Data provided:
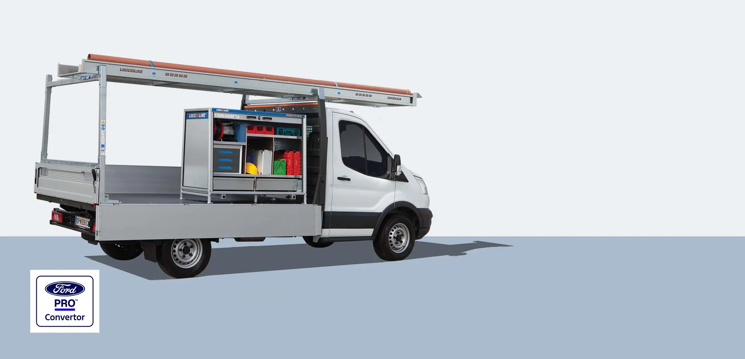 As a Ford Pro Converter, LogicLine offers high-quality, reliable constructions that are subject to stringent evaluations by Ford. We provide professional accessories for your Ford commercial vehicle to transport tools and materials safely. Choose the right solution from our extensive range to meet your requirements and workflows.
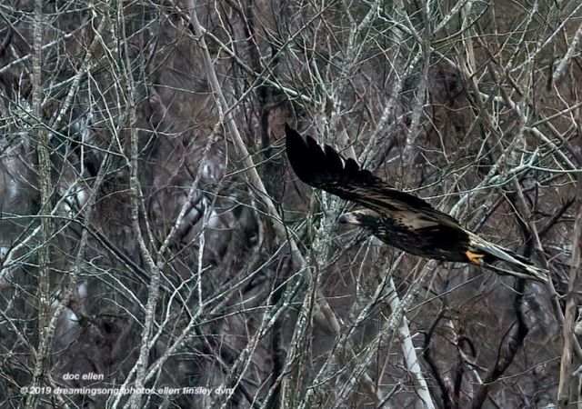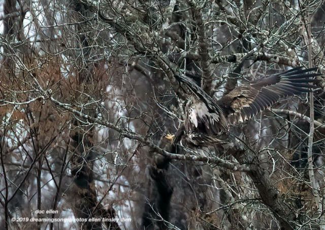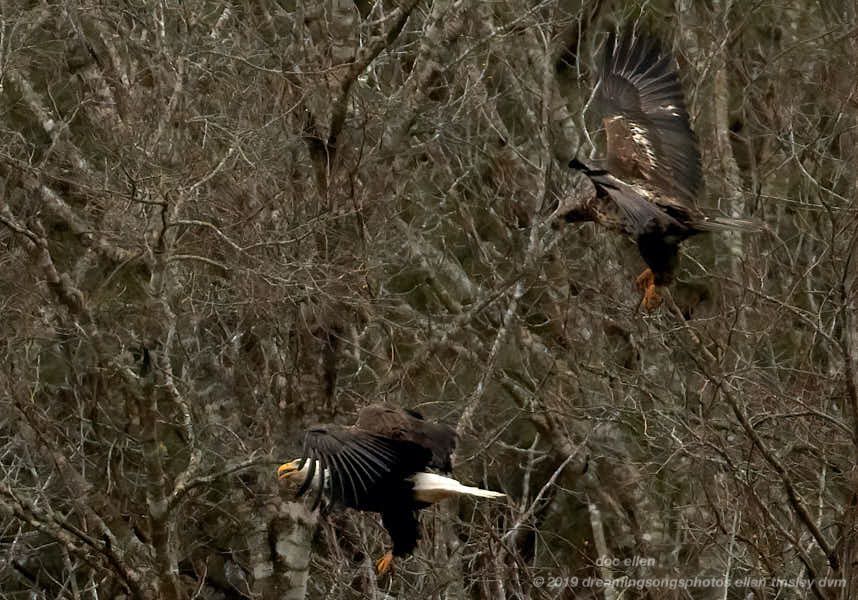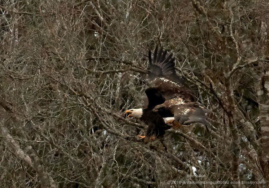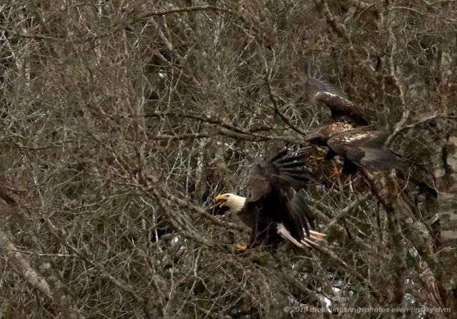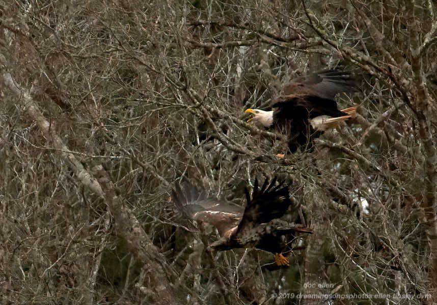 The eagle was gaining on the osprey when an adult bald eagle broke up the chase.
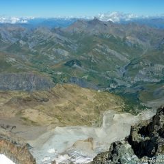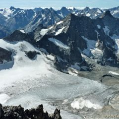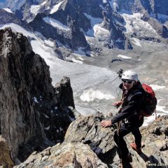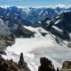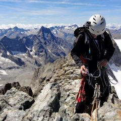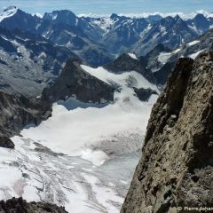 Là-haut, nous tenons tout juste sur la minuscule plate-forme, heureusement libérée des cordées précédentes, et mitraillons et filmons à tout va tel un groupe de touristes japonais bien entrainés, le magnifique spectacle du massif des Ecrins qui s’étend à nos pieds.
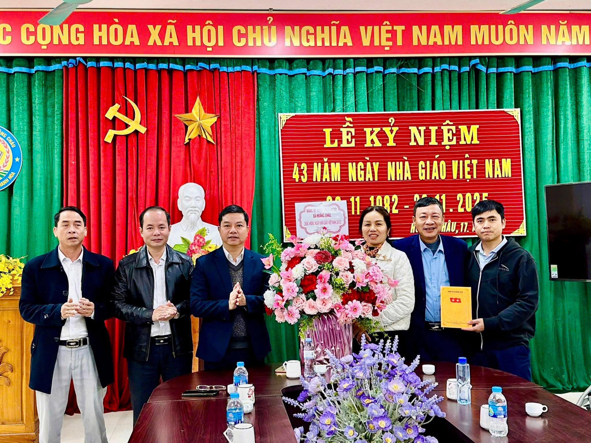 Nhân kỷ niệm Ngày Nhà giáo Việt Nam 20/11, trong những ngày qua, các đồng chí lãnh đạo Đảng ủy, Hội đồng nhân dân, Ủy ban nhân dân, Ủy ban Mặt trận Tổ quốc xã Hoằng Châu đã tổ chức các đoàn đến thăm, tặng hoa và chúc mừng tập thể cán bộ, giáo viên, nhân viên các trường học trên địa bàn xã.
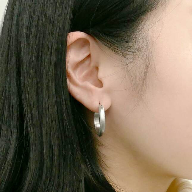 マットホワイトカラーの輝きが上品なフープピアス。
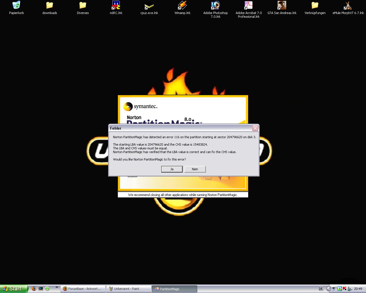 Erst war es nur bei Partition Magic, doer kam folgender Fehler.

Exercise brief: With the pictures set aside, write out the whole listing exactly.

Answer to the problem:
 As a Ford Pro Converter, LogicLine offers high-quality, reliable constructions that are subject to stringent evaluations by Ford. We provide professional accessories for your Ford commercial vehicle to transport tools and materials safely. Choose the right solution from our extensive range to meet your requirements and workflows.
 The eagle was gaining on the osprey when an adult bald eagle broke up the chase.
 Là-haut, nous tenons tout juste sur la minuscule plate-forme, heureusement libérée des cordées précédentes, et mitraillons et filmons à tout va tel un groupe de touristes japonais bien entrainés, le magnifique spectacle du massif des Ecrins qui s’étend à nos pieds.
 Nhân kỷ niệm Ngày Nhà giáo Việt Nam 20/11, trong những ngày qua, các đồng chí lãnh đạo Đảng ủy, Hội đồng nhân dân, Ủy ban nhân dân, Ủy ban Mặt trận Tổ quốc xã Hoằng Châu đã tổ chức các đoàn đến thăm, tặng hoa và chúc mừng tập thể cán bộ, giáo viên, nhân viên các trường học trên địa bàn xã.
 マットホワイトカラーの輝きが上品なフープピアス。
 Erst war es nur bei Partition Magic, doer kam folgender Fehler.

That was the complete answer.